## [SUPPLIED DATA]
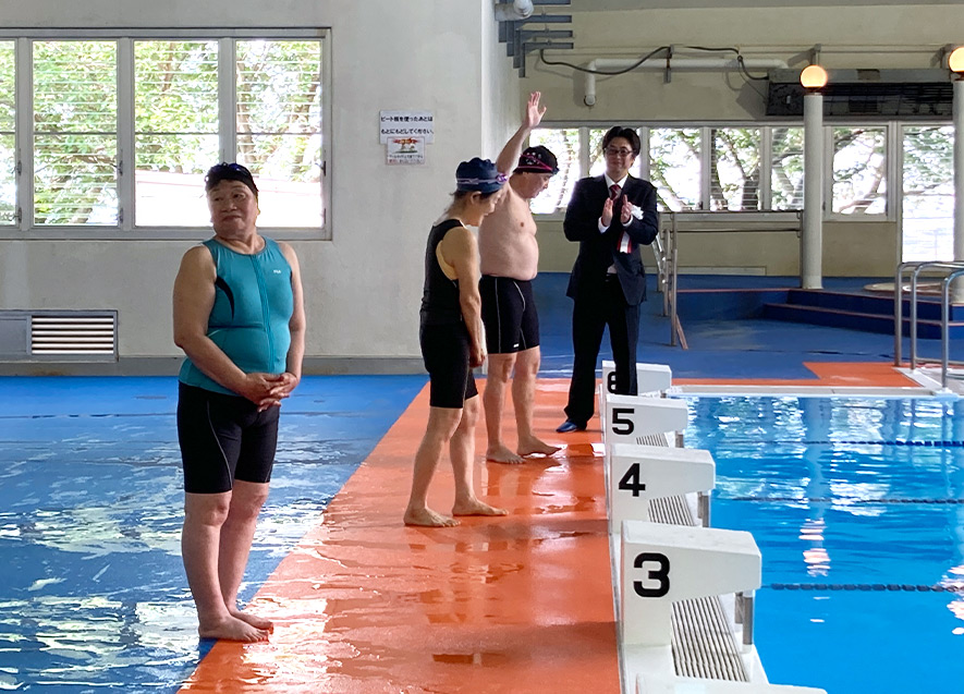 林市長は「当施設は1996年に無償譲渡を受けて以来、今日まで市民の健康づくりの場として多くの皆様に利用いただいている。今回の修繕助成を活用し、プール缶体やボイラー・空調設備など更新を行った。特にプール缶体は見違えるように綺麗になり、市民一同大変喜んでいる。今後も皆様に喜ばれる良い施設になるよう努めていく」と述べた。
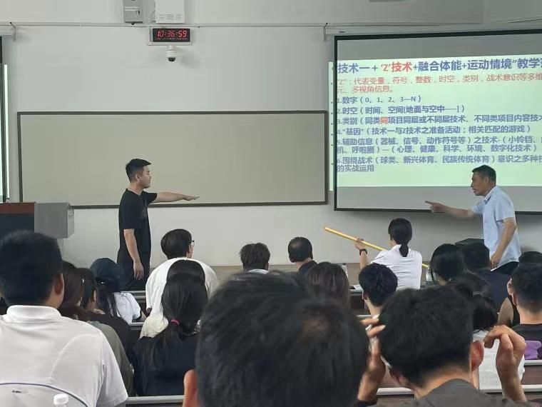 为进一步提升教师和学生教育教学与实践能力,促进师生更加全面地了解《义务教育课程标准》(2022版),掌握中学生体育教学设计与方法,7月3日,我校教务处、公海5500线路检测特邀山草体育工作室创始人、高级教师陈志山老师为师生作了《“技术一+‘Z’技术+‘融合体能’+‘运动情景’”教学范式的理论与实践》专题讲座。公海5500线路检测党委书记兰鸿涛、院长宗有智、党委副书记徐海阔、部分教师、全体研究生和21级、22级本科生参加,讲座由公海5500线路检测副院长张应龙主持。
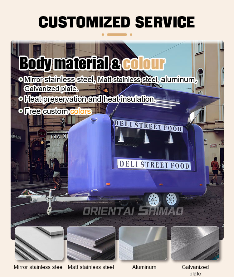 รถเทรลเลอร์ฟู้ดใช้สแตนเลสเป็นวัสดุหลักซึ่งโดดเด่นด้วยความต้านทานการกัดกร่อนความแข็งแรงสูงทำความสะอาดสวยงามและทนทาน พื้นผิวของมันเป็นชั้นโครเมียมออกไซด์หนาแน่นป้องกันการกัดกร่อนของโลหะได้อย่างมีประสิทธิภาพและสร้างความมั่นใจในความปลอดภัยของอาหารและสุขอนามัย สแตนเลสมีรูปลักษณ์ที่สดใสแข็งแรงและทนทานทำความสะอาดและบำรุงรักษาได้ง่ายด้วยความรู้สึกทันสมัยสอดคล้องกับความต้องการด้านสุขภาพสิ่งแวดล้อม ดังนั้นรถพ่วงอาหารขนาดใหญ่ที่มีอุปกรณ์ครบครันจึงเหมาะสำหรับการแปรรูปอาหารและสภาพแวดล้อมการขายเพื่อตอบสนองความต้องการของลูกค้าสำหรับคุณภาพผลิตภัณฑ์และมาตรฐานสุขภาพ
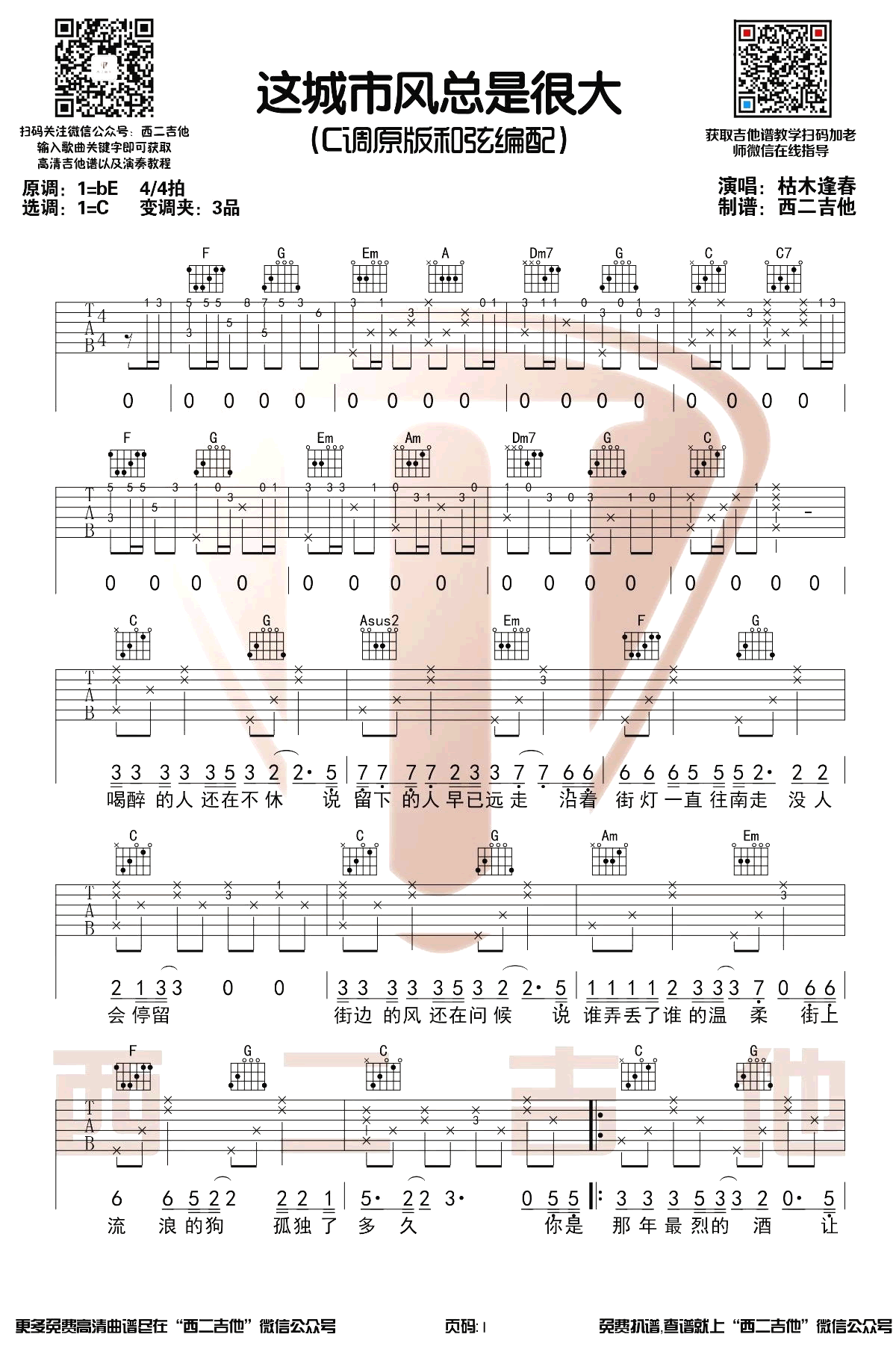 - 这城市风总是很大吉他谱_枯木逢春_C调_吉他教学视频
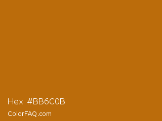 Hex #bb6c0b Color is a normal orange color and the nearest color is Indochine #c26b03. Hex code #bb6c0b and RGB value is rgb(187,108,11). In RGB color space, this color is composed of 73% red, 42% green, 4% blue, In CMYK color space, this color is composed of 0% cyan, 42% magenta, 94% yellow , 27% black , In HSL color space, this color has a hue angle of 33° , 89% saturation and 39% lightness.

## [WHAT TO DO]
I need the lines from the one holding "- 这城市风总是很大吉他谱_枯木逢春_C调_吉他教学视频" through the last line of the entries set down exactly, with every picture left out.

## [SOLUTION TO THIS EXERCISE]
 - 这城市风总是很大吉他谱_枯木逢春_C调_吉他教学视频
 Hex #bb6c0b Color is a normal orange color and the nearest color is Indochine #c26b03. Hex code #bb6c0b and RGB value is rgb(187,108,11). In RGB color space, this color is composed of 73% red, 42% green, 4% blue, In CMYK color space, this color is composed of 0% cyan, 42% magenta, 94% yellow , 27% black , In HSL color space, this color has a hue angle of 33° , 89% saturation and 39% lightness.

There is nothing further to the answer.